Given material:
-*-
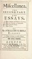 Miscellanea. The second part : in four essays I. upon antient and modern learning II. upon the gardens of Epicurus III. upon heroick virtue IV. upon poetry / by Sir William Temple Baronet.
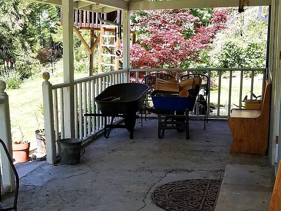 Country Home on 1.05 acres with many extras, large open shop, attached 2 car garage, small shop, covered patio and an open patio. Fenced area for a garden with fruit trees, cute pond and tree house. Propane stove in kitchen with a wood stove in living room for alternative heat source during cold winter nights. Open well that runs 10 gal per min per seller and an additional shallow well. Just minutes to Canyonville. Buyer to verify rm sz
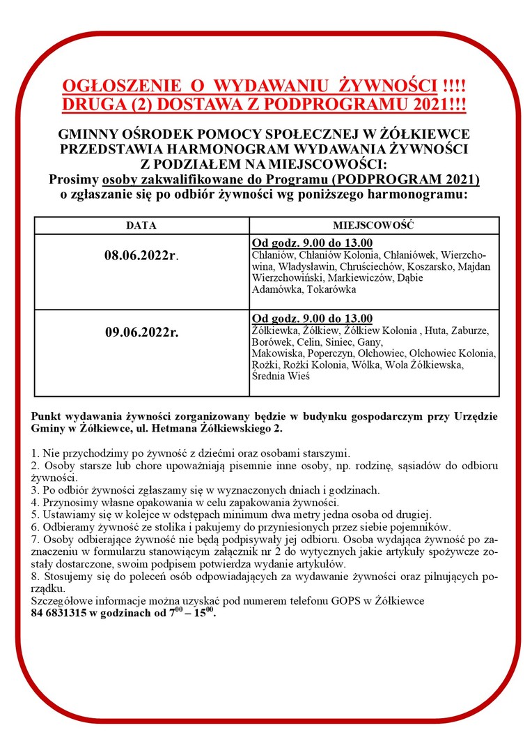 OGŁOSZENIE O WYDAWANIU ŻYWNOŚCI !!!! DRUGA (2) DOSTAWA Z PODPROGRAMU 2021!!!
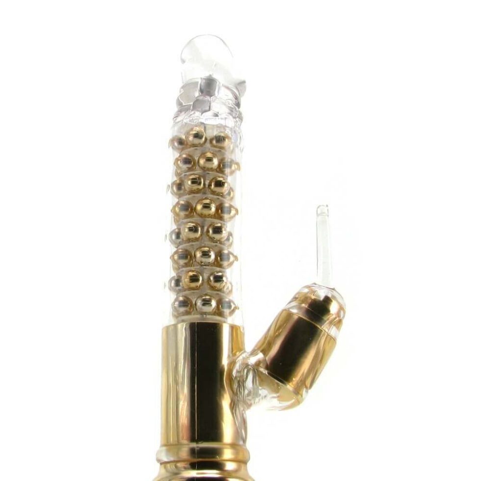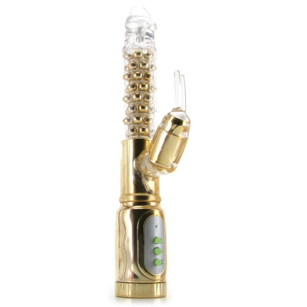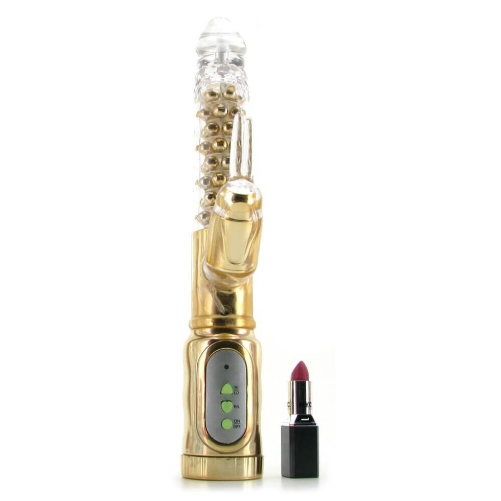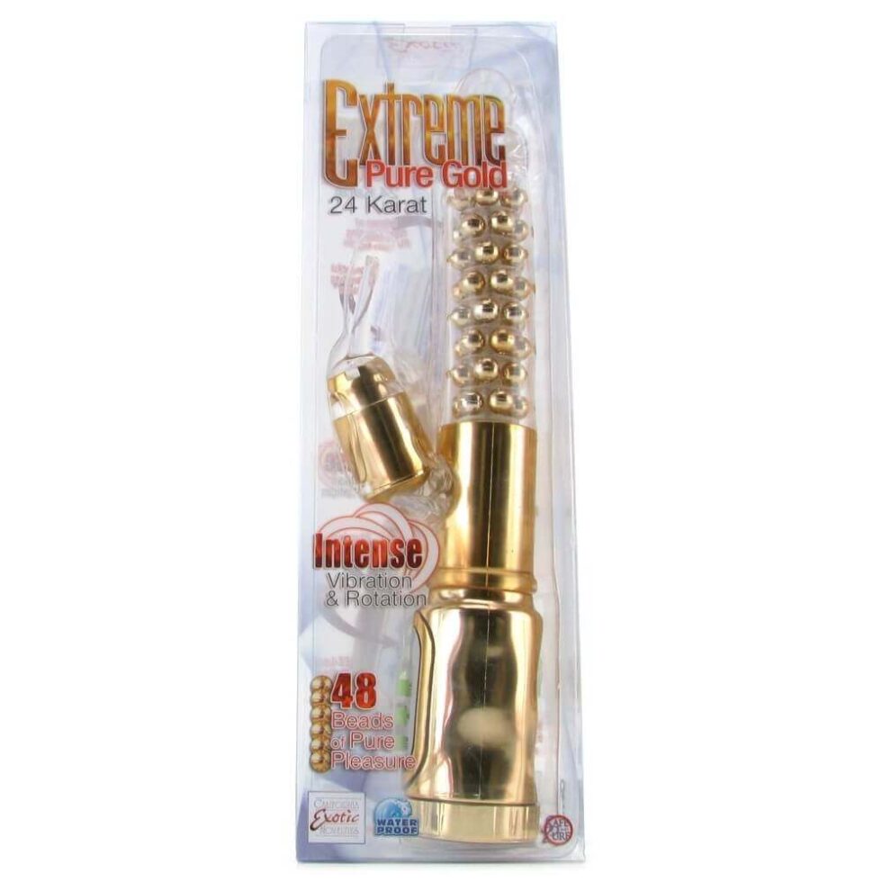 A luxurious vibe for knowing pleasure seekers, the 24 Karat is an above-average rabbit vibe from California Exotic’s Extreme Collection. Designed a little longer than the average rabbit, there’s a full 6 inches of penetration potential in the shaft, which is shaped semi-realistically and full of a total of 48 swirling, twirling pleasure beads. Combined with reverse rotation and 2 no-nonsense speeds, this long, lean, pleasure packed shaft is just one treat this vibe has to offer. Like any good rabbit vibe, there’s a powerful clit stimulator placed at the perfect angle; it has its own motor, ensuring lots of power where it matters most, and since it’s impressively flexible, you’ll be able to position it just right. Two long, soft fingers protrude from the tip of the stimulator, these vibrate along with the vibe to tickle and tease. Glow in the dark controls and an LED lit interface makes sure you’ll always be able to see your way to play, even in the dark; a hi/lo button and the reverse rotation button for the shaft are all you need to get the most out of the 24 Karat. Made from a hygienically superior, phthalate free elastomer, you’ll be able to play worry free, and since it’s thoroughly waterproof, you’ll be able to enjoy your gold in or out of the tub, shower or pool. Takes 4 x AA batteries (sold separately).
-*-
Problem details: All the lines above are to be given again exactly as they read, with the pictures removed.

Answer space:
 Miscellanea. The second part : in four essays I. upon antient and modern learning II. upon the gardens of Epicurus III. upon heroick virtue IV. upon poetry / by Sir William Temple Baronet.
 Country Home on 1.05 acres with many extras, large open shop, attached 2 car garage, small shop, covered patio and an open patio. Fenced area for a garden with fruit trees, cute pond and tree house. Propane stove in kitchen with a wood stove in living room for alternative heat source during cold winter nights. Open well that runs 10 gal per min per seller and an additional shallow well. Just minutes to Canyonville. Buyer to verify rm sz
 OGŁOSZENIE O WYDAWANIU ŻYWNOŚCI !!!! DRUGA (2) DOSTAWA Z PODPROGRAMU 2021!!!
 A luxurious vibe for knowing pleasure seekers, the 24 Karat is an above-average rabbit vibe from California Exotic’s Extreme Collection. Designed a little longer than the average rabbit, there’s a full 6 inches of penetration potential in the shaft, which is shaped semi-realistically and full of a total of 48 swirling, twirling pleasure beads. Combined with reverse rotation and 2 no-nonsense speeds, this long, lean, pleasure packed shaft is just one treat this vibe has to offer. Like any good rabbit vibe, there’s a powerful clit stimulator placed at the perfect angle; it has its own motor, ensuring lots of power where it matters most, and since it’s impressively flexible, you’ll be able to position it just right. Two long, soft fingers protrude from the tip of the stimulator, these vibrate along with the vibe to tickle and tease. Glow in the dark controls and an LED lit interface makes sure you’ll always be able to see your way to play, even in the dark; a hi/lo button and the reverse rotation button for the shaft are all you need to get the most out of the 24 Karat. Made from a hygienically superior, phthalate free elastomer, you’ll be able to play worry free, and since it’s thoroughly waterproof, you’ll be able to enjoy your gold in or out of the tub, shower or pool. Takes 4 x AA batteries (sold separately).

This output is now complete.